幼い頃、両親と共に暮らしていた幸せだった頃のシェリル。額に三日月の刻印を持つ神の落し子。
「どうしてすべてを隠していたのかは分かりませんが、神に会うと言うのであればその姿の方が都合がいいと思いますよ」
ルーヴァの声に振り向いたシェリルが、ほとんど無意識に額の刻印に触れた。
この印にどういう意味があるのか、シェリルはまったく知らない。分かっているのはこの刻印を持つ者が「神の落し子」と呼ばれている事だけだ。
この天界ではその意味を知る事も可能だろうし、女神に会う為にはこの姿のままがいい事も何となく分かる。けれど。
「……駄目よ。これじゃ、いつまたあの闇が……」
ひとり言のように呟かれた言葉を聞き逃さなかったカインは、さっきシェリルが取り乱した時に口走った言葉を思い出した。
『殺さないでっ!』
シェリルが何を恐れているのかは分からなかったが、彼女を狙う者がいる事はその言葉だけで十分に読み取る事が出来た。
神の落し子であるがゆえに命を狙われ、心に傷を負ったシェリルが己の身を守る為に本当の姿を隠してきた。いつ訪れるとも分からない恐怖に怯えながら、この小さな体で今まで必死に耐えてきたシェリルを思い、カインはその胸に小さな痛みを覚える。
「一体何に怯えているのか知らないが、……お前なぁ、自分が呼び出した天使を誰だと思ってるんだ?」
「……え?」
「俺は天界戦士だぜ? お前ひとり守るくらいわけはない」
少しぶっきらぼうに、でも優しくそう言ったカインを見上げたシェリルは胸がじんと熱くなるのを感じて恥ずかしそうに下を向いた。
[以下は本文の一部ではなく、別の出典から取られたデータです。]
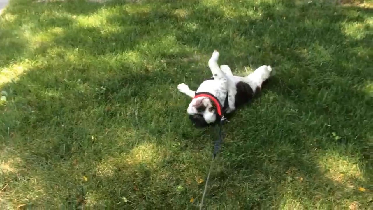 Diese französische Bulldogge genießt es sichtlich auf der Wiese herumgezogen zu werden.

あの黒く邪悪な存在に、エレナやクリスティーナたち他の人間を巻き込んではいけないと強く思っていたシェリルは、今までずっとひとりで耐えるしかなかった。
正体すら定かではない邪悪な闇に立ち向かおうとしているシェリルを、カインは助けてやるといとも簡単に言ってのける。彼の自信がどこから来るものなのか分からなかったが、その言葉を信じてみてもいいとシェリルは思い始めていた。
なぜだかわからないが、心のずっと奥の方で何かがそう告げているような気がした。
「とりあえず、宮殿へ行ってはいかがです?」
ルーヴァに促されベッドから立ち上がったシェリルは、いつのまにか自分がきちんとした白い服を着ている事に気付いた。それは驚くほどシェリルの体にぴったりで、同じように用意されていたサンダルもサイズを測ったように足に合う。
「サイズもぴったりですね、よかった」
平然と言ってのけたルーヴァは、刺すような鋭い二人の視線を受けながらも慌てる様子すらなく、逆ににっこりと微笑んで見せた。
「服は魔法で着せたので安心して下さい。眠っている女性の服を脱がすなんてカインみたいな事はしませんよ」
「なんだよ、その例えは」
思わず弁解しようと身を乗り出したカインを宥めるように、ルーヴァはその肩を軽く叩いて窓の外に見える宮殿を指差した。
「ほら、行かなくていいんですか?」
指差された宮殿に目を向けたカインは、仕方なさそうに大きく息を吐いてそれ以上何かを言う事を止め、長い前髪をかきあげながらシェリルへと手を伸ばした。
「シェリル、行くぞ」
「どこへ?」
訊ね返したシェリルを見たカインは視線を再び宮殿へと戻して、そこにいるはずの女神の事を思い浮かべる。
彼女は女神がどうなっているのかを知らない。しかしそれがシェリルの願いであるなら、カインはそれを叶えてやるしかないのだ。